Yarmouth's First Parish Congregational Church is located to the east of the town center, on the south side of Main Street (Maine State Route 115). It is a tall single-story wood-frame structure, with a gabled roof, an exterior sheathed in clapboard and flushboarded siding, and a granite foundation. A square tower projects slightly from the front, with a gabled entry vestibule projecting further in front of it. The entry consists of a pair of doorways, each flanked by thin composite columns and set in round-arch openings. A larger three-part round-arch window stands above them, with a banded frieze along the raking gable edge of the vestibule. The tower has four stages, and is elaborately decorated, with an open belfry and an octagonal spire.[2]

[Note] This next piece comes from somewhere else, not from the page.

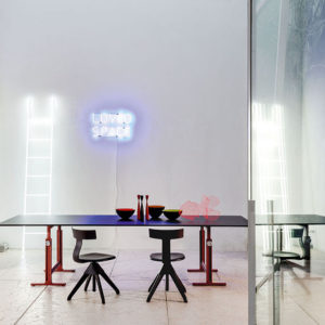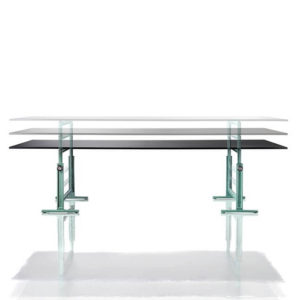 Daarnaast is er ook een rechthoekige tafel ontworpen die in drie hoogtes gezet kan worden. Dit model is enkel geschikt voor binnengebruik. Het blad heeft een afmeting van 290 bij 95 centimeter.

The First Parish congregation was established in 1730, and first met in a meetinghouse, known as the Meetinghouse under the Ledge, about 1 mile (1.6 km) south of this location. In 1818, they moved to a new building, known as the Old Sloop, across the street from its current location. That building was turned into a public hall after the congregation moved out in 1868, and was demolished in 1879.[2] The cost of the new church was $35,000.[3]
The church was designed for the congregation by Portland architect George M. Harding, one of Maine's leading architects of the mid-19th century. It is one of only three church designs of his to survive in the state.[2]